The function cvMeanShift()
is one expression of
the mean-shift algorithm for rectangular windows, but it may also be used for tracking.
In this case, you first choose the feature distribution to represent an object (e.g.,
color + texture), then start the mean-shift window over the feature distribution
generated by the object, and finally compute the chosen feature distribution over the
next video frame. Starting from the current window location, the mean-shift algorithm
will find the new peak or mode of the feature distribution, which (presumably) is
centered over the object that produced the color and texture in the first place. In this
way, the mean-shift window tracks the movement of the object frame by frame.
A related algorithm is the Camshift tracker. It differs from the meanshift in that the search window adjusts itself in size. If you have well-segmented distributions (say face features that stay compact), then this algorithm will automatically adjust itself for the size of face as the person moves closer to and further from the camera. The form of the Camshift algorithm is:
int cvCamShift( const CvArr* prob_image, CvRect window, CvTermCriteria criteria, CvConnectedComp* comp, CvBox2D* box = NULL );
The first four parameters are the same as for the cvMeanShift()
algorithm. The box
parameter, if present, will contain the newly resized box, which also includes the
orientation of the object as computed via second-order moments. For tracking applications,
we would use the resulting resized box
found on the
previous frame as the window
in the next frame.
[149] Because mean-shift is a fairly deep topic, our discussion here is aimed mainly at developing intuition for the user. For the original formal derivation, see Fukunaga [Fukunaga90] and Comaniciu and Meer [Comaniciu99].
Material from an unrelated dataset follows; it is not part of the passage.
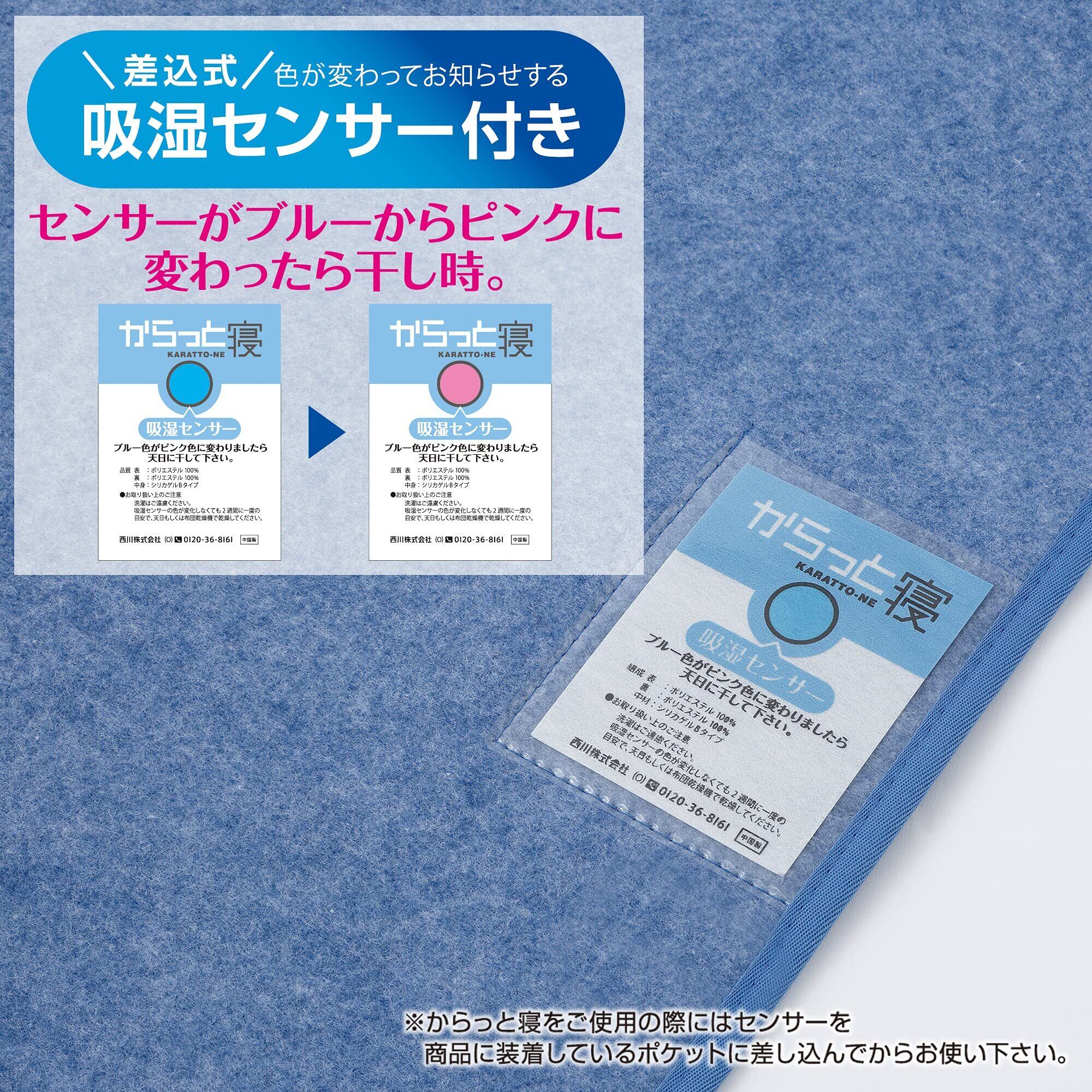 nishikawa 【 西川 】 からっと寝 敷くだけ簡単 寝具用除湿シート シングル ブルー 特殊シリカゲルが汗や湿気を吸収してさらっと快適 イヤな臭いも消臭 防ダニ 防カビ 吸湿センサー付き 布団用除湿マット 湿気取 防湿 207278805

[150] The word "essentially" is used because there is also a scale-dependent aspect of mean-shift. To be exact: mean-shift is equivalent in a continuous distribution to first convolving with the mean-shift kernel and then applying a hill-climbing algorithm.
[151] Iterations are typically restricted to some maximum number or to some epsilon change in center shift between iterations; however, they are guaranteed to converge eventually.
[152] A rectangular kernel is a kernel with no falloff with distance from the center, until a single sharp transition to zero value. This is in contrast to the exponential falloff of a Gaussian kernel and the falloff with the square of distance from the center in the commonly used Epanechnikov kernel.
[153] Again, mean-shift will always converge, but convergence may be very slow near the local peak of a distribution if that distribution is fairly "flat" there.